(SUPPLIED DATA begins)

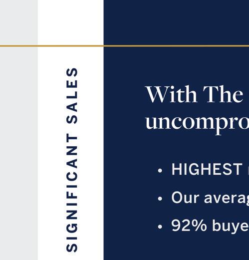 MARK KENNEDY MARK KENNEDY EXCLUSIVE LISTINGS MARK.KENNEDY@THEAGENCYRE.COM 925.321.5296 | LIC. #01881234 1421 HARLAN DRIVE, DANVILLE 4 BEDS, 3 BATHS, 2333 SQ. FT, 9100 SQ. FT. LOT LISTED FOR $1,989,000 | SOLD FOR $1,930,000 70 LA VELLE COURT, DANVILLE 4 BEDS, 2 BATHS, 1853 SQ.FT, 10,000 SQ. FT. LOT LISTED FOR $1,849,000 | SOLD FOR $1,800,000 1011 DEL RIO WAY, MORAGA 4 BEDS, 3 BATHS, 2427 SQ.FT, 10,000 SQ. FT. LOT LISTED FOR $2,195,000 | SOLD FOR $2,500,000 3273 SARATOGA COURT, LIVERMORE 5 BEDS, 4.5 BATHS, 4479 SQ.FT, 17,709 SQ. FT. LOT SOLD FOR $2,675,000 | REPRESENTED BUYERS JUST SOLD JUST SOLD JUST SOLD JUST SOLD ©2021 UMRO Realty Corp., dba The Agency. Registered service marks; all rights reserved. The Agency fully supports the Equal Housing Opportunity laws. The Agency, its affiliates, subsidiaries, and franchises make no representations, warranties, or guaranties as to the accuracy of the information contained herein, including square footage, lot size or other information concerning the condition, suitability or features of the property. All material is intended for informational purposes only and has been obtained from public records, MLS, or other sources believed to be reliable, but not verified. You should conduct a careful, independent investigation of the information and property, and consult with appropriate professionals, such as appraisers, architects, civil engineers, etc. If your property is listed with a real estate broker, please disregard. We do not intend to solicit the offerings of other real estate brokers. We are happy to work with them and cooperate fully. CalDRE #01904054. Information taken from the MLS as of 1/1/22 and has not been verified by The Agency, Agent or MLS. Properties represent a compilation of listings from various brokerage firms and are not always listed or sold by the office, broker or agent presenting the information. The material may be subject to errors, omissions, or changes regarding price, condition, description of property, accuracy of prior sale, or withdrawal, without notice. THEAGENCYRE.COM + LISTINGS HAVE RECEIVED $4.5 MILLION ABOVE ASKING PRICE IN 2022 8
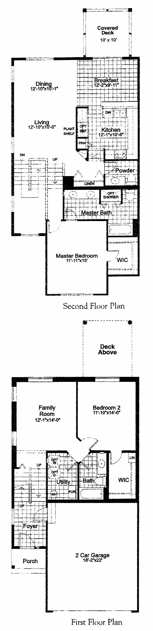 A tri-level Two bedroom, two and a half bath townhome; Master bedroom with walk-in closet and private bath; optional third bedroom; Foyer with volume ceiling; Kitchen with breakfast area; Family room with optional fireplace; Dining/living room with optional fireplace; Deck; Porch; Two-car garage.
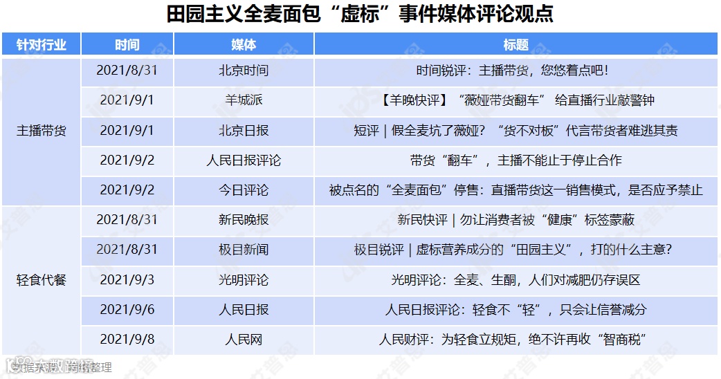 此阶段,除关注田园主义道歉外,部分媒体开始反思直播带货、代餐轻食模式,呼吁加强网络食品准入和监管,规范线上销售模式。

(SUPPLIED DATA ends)

--- PROMPT ---
Restate the data above word for word. Skip every picture.

--- SOLUTION FOR THIS TASK ---
 MARK KENNEDY MARK KENNEDY EXCLUSIVE LISTINGS MARK.KENNEDY@THEAGENCYRE.COM 925.321.5296 | LIC. #01881234 1421 HARLAN DRIVE, DANVILLE 4 BEDS, 3 BATHS, 2333 SQ. FT, 9100 SQ. FT. LOT LISTED FOR $1,989,000 | SOLD FOR $1,930,000 70 LA VELLE COURT, DANVILLE 4 BEDS, 2 BATHS, 1853 SQ.FT, 10,000 SQ. FT. LOT LISTED FOR $1,849,000 | SOLD FOR $1,800,000 1011 DEL RIO WAY, MORAGA 4 BEDS, 3 BATHS, 2427 SQ.FT, 10,000 SQ. FT. LOT LISTED FOR $2,195,000 | SOLD FOR $2,500,000 3273 SARATOGA COURT, LIVERMORE 5 BEDS, 4.5 BATHS, 4479 SQ.FT, 17,709 SQ. FT. LOT SOLD FOR $2,675,000 | REPRESENTED BUYERS JUST SOLD JUST SOLD JUST SOLD JUST SOLD ©2021 UMRO Realty Corp., dba The Agency. Registered service marks; all rights reserved. The Agency fully supports the Equal Housing Opportunity laws. The Agency, its affiliates, subsidiaries, and franchises make no representations, warranties, or guaranties as to the accuracy of the information contained herein, including square footage, lot size or other information concerning the condition, suitability or features of the property. All material is intended for informational purposes only and has been obtained from public records, MLS, or other sources believed to be reliable, but not verified. You should conduct a careful, independent investigation of the information and property, and consult with appropriate professionals, such as appraisers, architects, civil engineers, etc. If your property is listed with a real estate broker, please disregard. We do not intend to solicit the offerings of other real estate brokers. We are happy to work with them and cooperate fully. CalDRE #01904054. Information taken from the MLS as of 1/1/22 and has not been verified by The Agency, Agent or MLS. Properties represent a compilation of listings from various brokerage firms and are not always listed or sold by the office, broker or agent presenting the information. The material may be subject to errors, omissions, or changes regarding price, condition, description of property, accuracy of prior sale, or withdrawal, without notice. THEAGENCYRE.COM + LISTINGS HAVE RECEIVED $4.5 MILLION ABOVE ASKING PRICE IN 2022 8
 A tri-level Two bedroom, two and a half bath townhome; Master bedroom with walk-in closet and private bath; optional third bedroom; Foyer with volume ceiling; Kitchen with breakfast area; Family room with optional fireplace; Dining/living room with optional fireplace; Deck; Porch; Two-car garage.
 此阶段,除关注田园主义道歉外,部分媒体开始反思直播带货、代餐轻食模式,呼吁加强网络食品准入和监管,规范线上销售模式。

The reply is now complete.